El trayecto fue un martirio, el sudor perló mi frente y la parte trasera de mi cuello pese a llevar el aire acondicionado puesto. Mantuve esperando el instante en que perdería el conocimiento, buscando la manera de salir de esa situación, mientras que el conductor, ajeno a la batalla interna que llevábamos las cuatro continuaba hablándonos como si nada.
Cuando se detuvo en nuestro destino, prácticamente corrimos fuera del auto y volvimos a respirar con tranquilidad, nuestros sentidos despejándose. La mirada intrigada y desconcertada del hombre desde el interior del vehículo y el hecho de continuar de una pieza nos hizo conscientes de nuestro error y a la vez de nuestra imprudencia. Corrimos con suerte, el conductor no era más que un mujeriego pica flor que solo buscaba ganarse el favor de alguna de nosotras, probablemente de mi hermana siendo la mayor.

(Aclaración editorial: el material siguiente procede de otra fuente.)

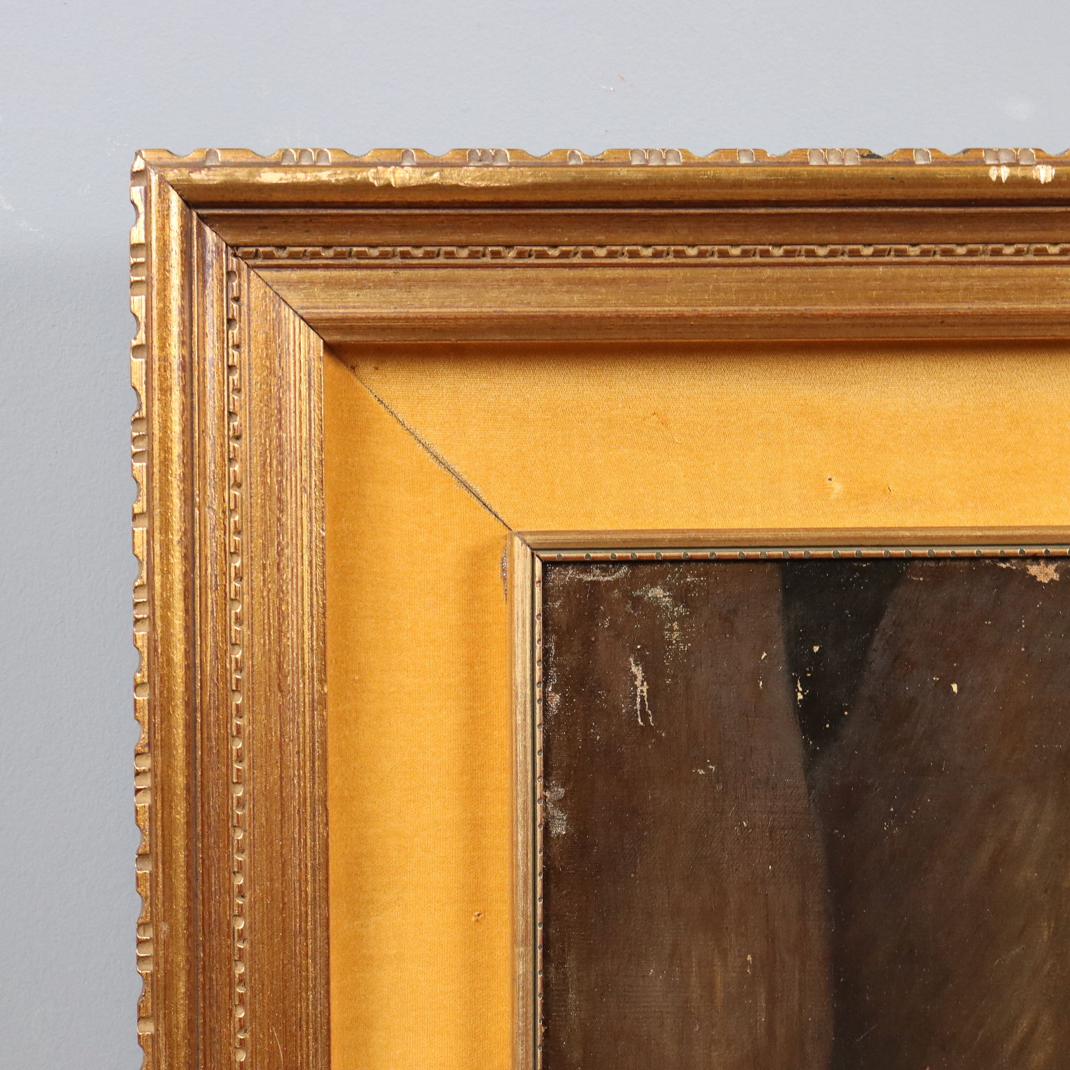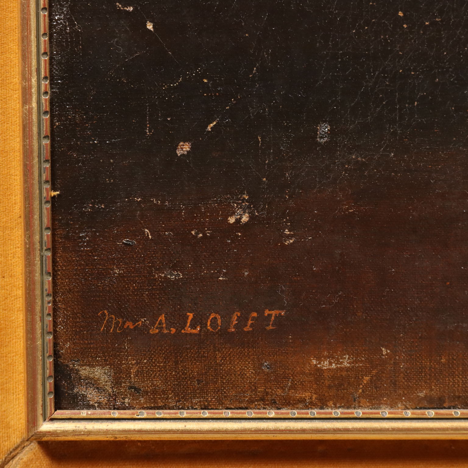 Oil on canvas. Portrait of a young woman with her dog, outdoors, against a vast river landscape. The painting, on the first canvas, shows traces of previous restorations. It is presented in a period frame.

Lo ocurrido no lo tomamos como algo más que un contratiempo, vimos nuestra estupidez en haber juzgado mal y no en el peligro al que nos expusimos. Esa noche bailamos, y disfrutamos de nuestra juventud hasta que los pies no dolieron. Hoy, más de diez años después somos conscientes de que pudo haber sido un abusador y que esa noche pudo haber sido nuestra ultima noche.
Ser joven no te hace invencible, que la belleza no te deslumbre y te queme las neuronas.